Maybe I didn’t belong anywhere. Maybe I never had. Maybe that was ok.
Perhaps it is, in fact, the human lot – for all of us – that we feel dislocated, out of place, disjointed, no matter who we are or where we live. The invisible boundaries and neutral zones comprising our dreams and secrets make each of us a state of one in some ways.
In this order of things, we must make the effort to form or find community. It beats in our blood. Yet community comes naturally to very few, especially in our fragmented and transient world where people change towns in ways that human history has never before witnessed. But a community offers stability and a greater chance of not just surviving but thriving. Generations ago this was the case, and it’s the case now.
I am struck by the extremely high Covid vaccination rates of some of Italy’s smallest towns – 97-100% and in at least one case, over 100% in Palazzo Adriano, Sicily, where every single person in town got vaccinated, and then they found a few more people to jab for good measure.
The trick is to understand that none of us are alone in feeling what we feel.
All humans share a common experience in our short lifespan – succinctly expressed in one of my favorite memes ever:
On to a second author. Patrick Kavanagh knew a thing or two about identity. Born into a poor farming family in rural Ireland, the fourth of 10 children, he finished school at 13. He longed to find a different life, writing in his later years:
‘Although the literal idea of the peasant is of a farm-labouring person, in fact a peasant is all that mass of mankind which lives below a certain level of consciousness. They live in the dark cave of the unconscious and they scream when they see the light.’
He commented that, although he had grown up in a poor district, ‘the real poverty was lack of enlightenment [and] I am afraid this fog of unknowing affected me dreadfully’.

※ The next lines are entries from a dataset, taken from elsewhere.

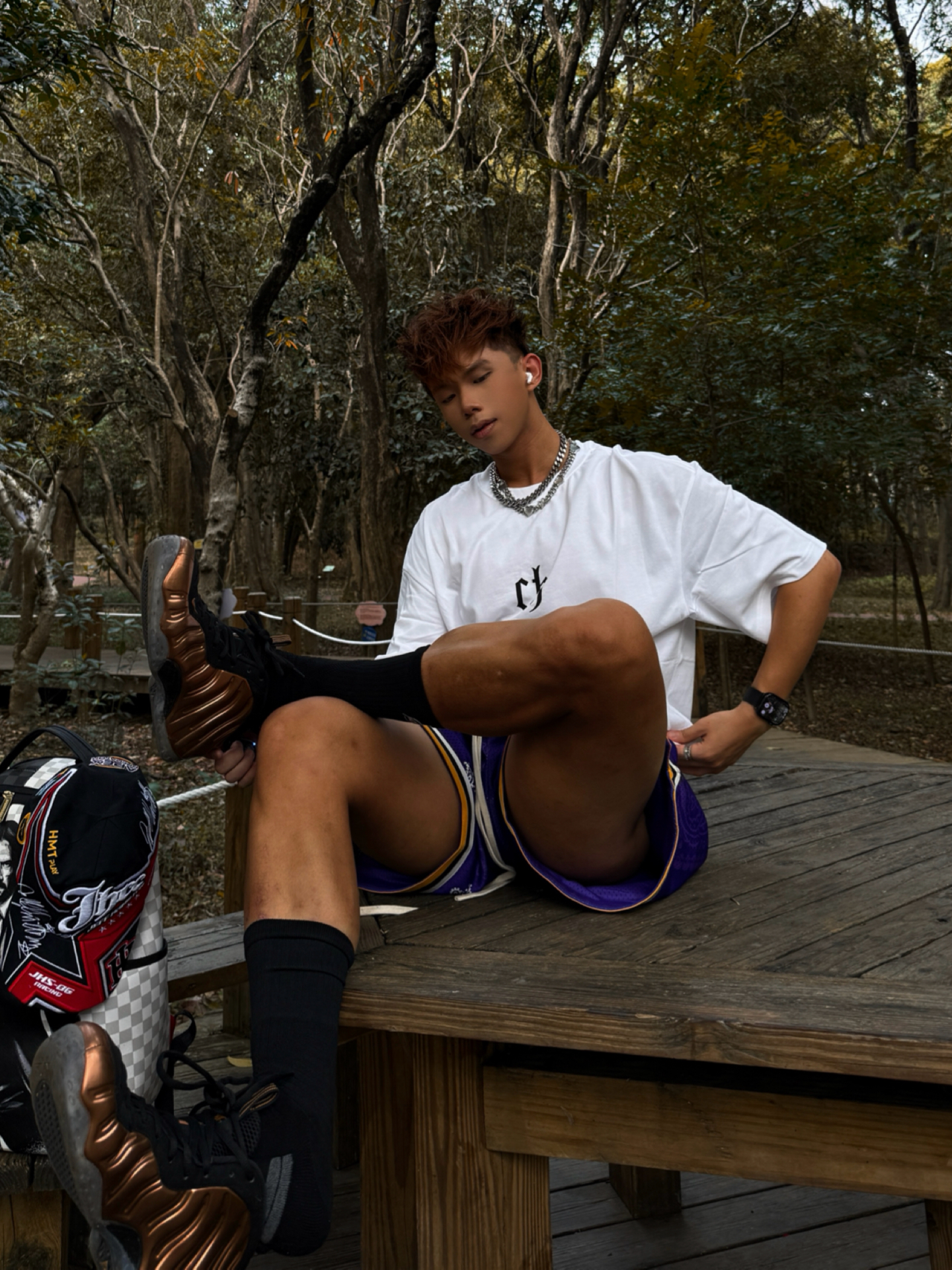 篮球党的宿舍ootd 初中生嘉豪式宿舍穿搭分享 一件宽松的大T美式街区OG感觉 搭配九分裤上宽松下窄 灰白色百搭也帅 一双科比9em湖人队配色 一颗篮球蓝红色确实帅
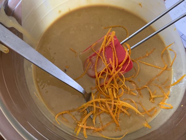 3. Dans la deuxième part, ajouter les zestes d’une orange.
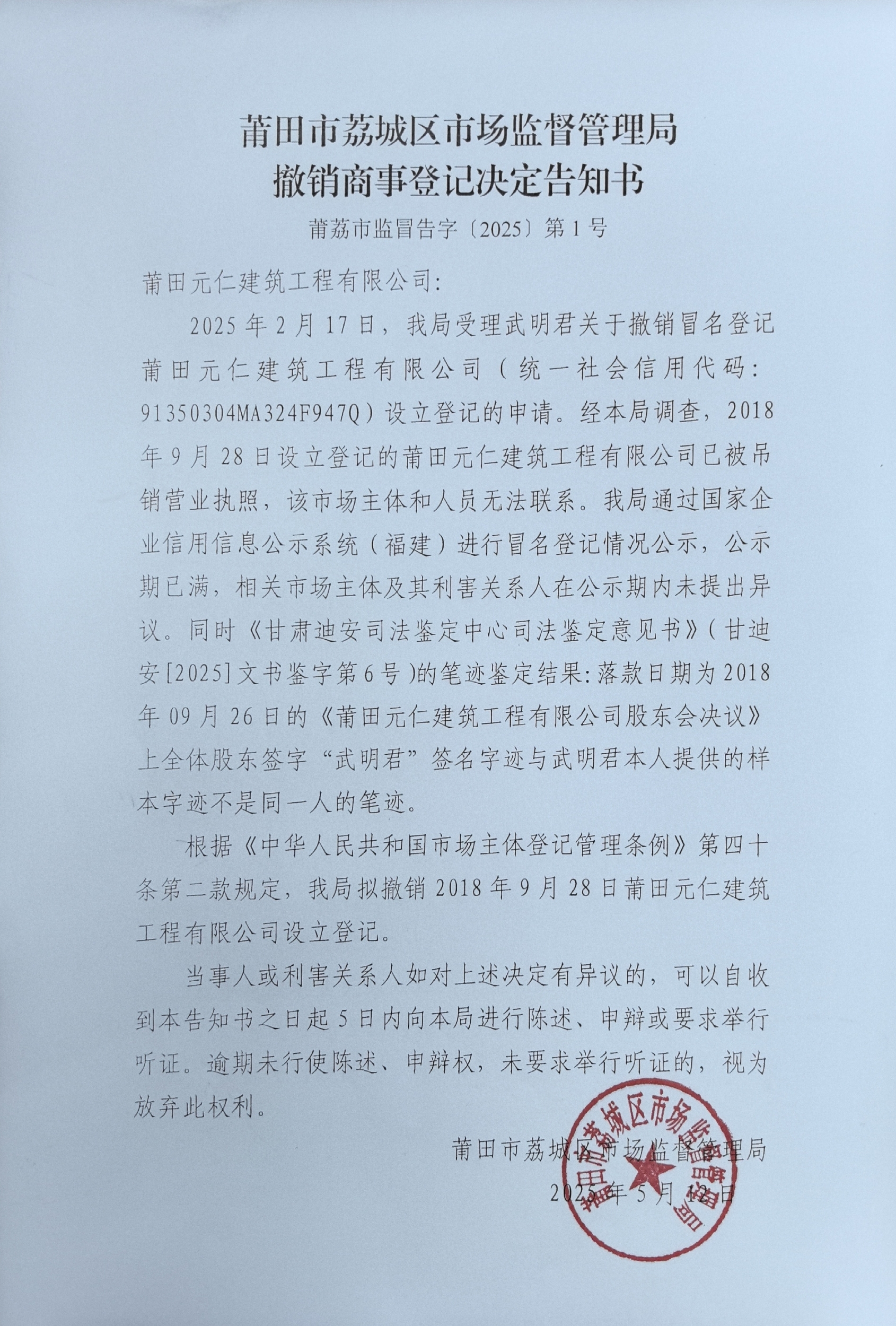 经本局调查,2018年9月28日设立登记的莆田元仁建筑工程有限公司(统一社会信用代码:91350304MA324F947Q)已被吊销营业执照,该市场主体和人员无法联系;我局通过国家企业信用信息公示系统(福建)进行冒名登记情况公示,公示期满,相关市场主体及其利害关系人未提出异议;《甘肃迪安司法鉴定中心司法鉴定意见书》(甘迪安[2025]文书鉴字第6号)的笔迹鉴定结果:落款日期为2018年09月26日的《莆田元仁建筑工程有限公司股东会决议》上全体股东签字“武明君”签名字迹与武明君本人提供的样本字迹不是同一人的笔迹。
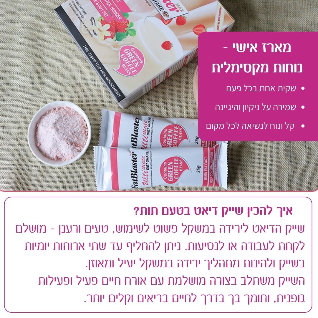 מומלץ להחליף עד שתי ארוחות ביום בשייק דיאט בטעם תות, ולצרוך בנוסף ארוחה מאוזנת בערב. השייק תומך בירידה במשקל כחלק מתפריט מגוון ואורח חיים בריא.
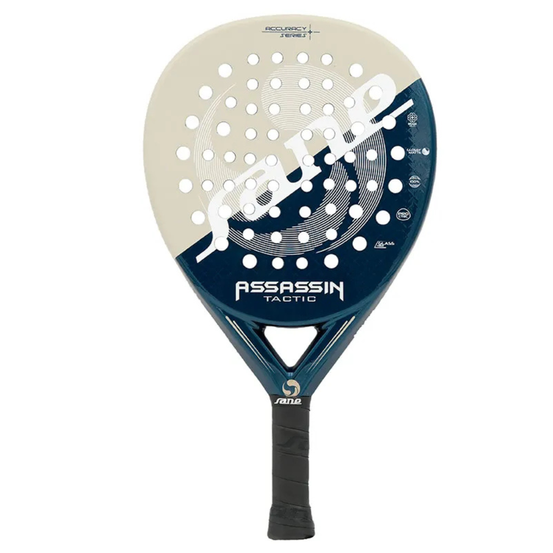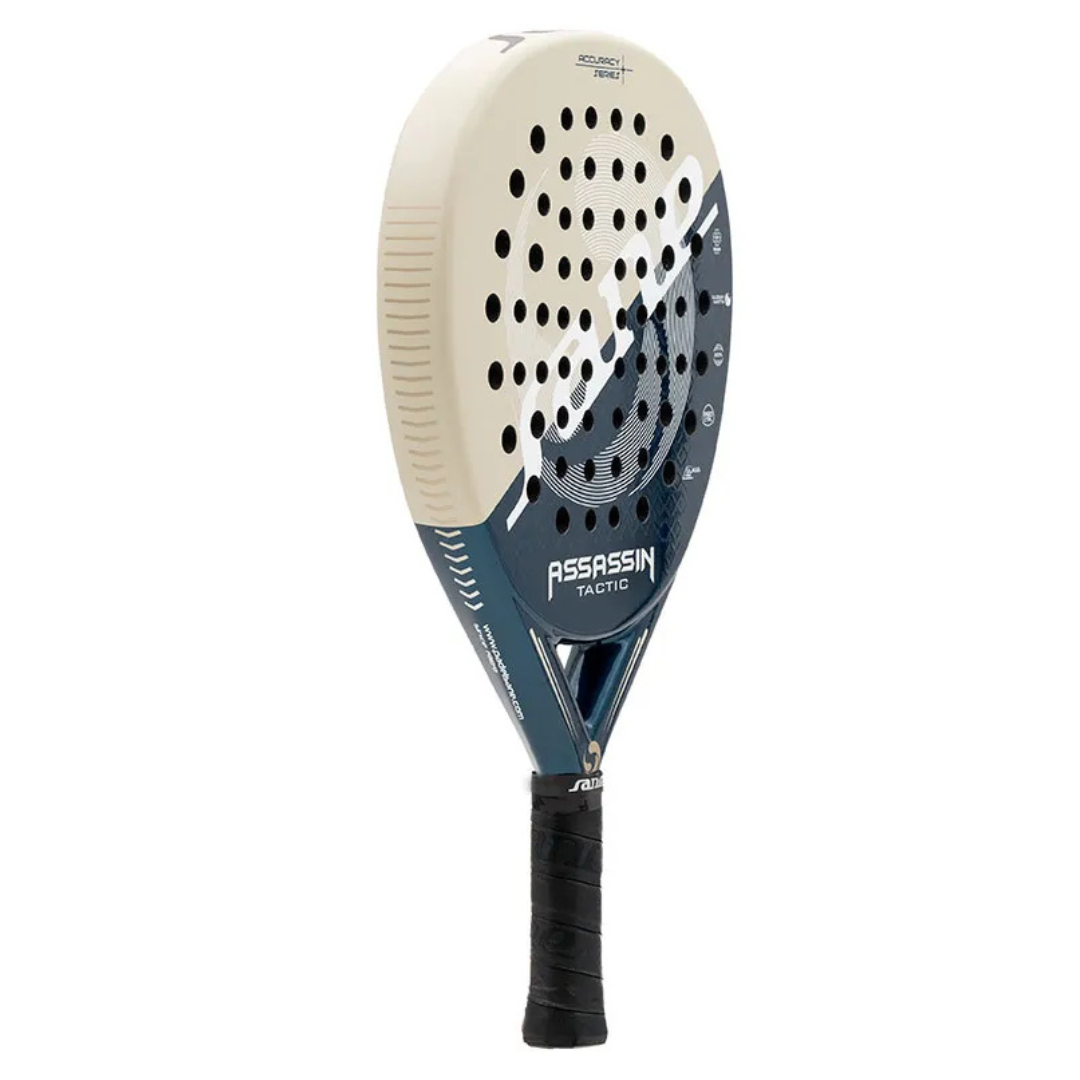 Rakieta Assassin Tactic ma okrągły kształt główki, który zapewnia wysoką kontrolę nad piłką i precyzyjne uderzenia. Wykonana w całości z włókna węglowego z płytą 3K Carbon oraz wypełnieniem Super Compact, gwarantuje stabilność i pewne czucie piłki. Średnie wyważenie oraz matowe, szorstkie wykończenie Rugosa umożliwiają generowanie rotacji, co sprawia, że rakieta jest idealna dla graczy stawiających na kontrolę.

Patrick is a hero for me in that he understood he had to first deconstruct himself in order to reconstruct himself, and that he needed to do this not just once, but daily. Daily.
Me I will throw away.
Me sufficient for the day
The sticky self that clings
Adhesions on the wings
To love and adventure,
To go on the grand tour
A man must be free
‘The Self-Slaved,’ Patrick Kavanaugh
In a world where some boundaries seem to be dissolving while others further calcify, this flexibility is a skill we should all cultivate.
We all need community not just to survive, but to thrive. Feel it slip away and everyone suffers. But we live now in a more fluid world than that of a century or even just a decade ago, yet as we benefit from this fluidity of community and identity, we are challenged by it. Resisting this fluidity can lead to a defiant isolation and poisonous nationalism which further divides us from the global community. A flexible approach to community cultivates a healthy spirit – which helps everyone thrive. Resist change and be changed. Welcome change and be changed. You’ll change in either case! You decide how. Take your seat at the party. When you belong nowhere, you belong everywhere. What little part of yourself can you toss away for today?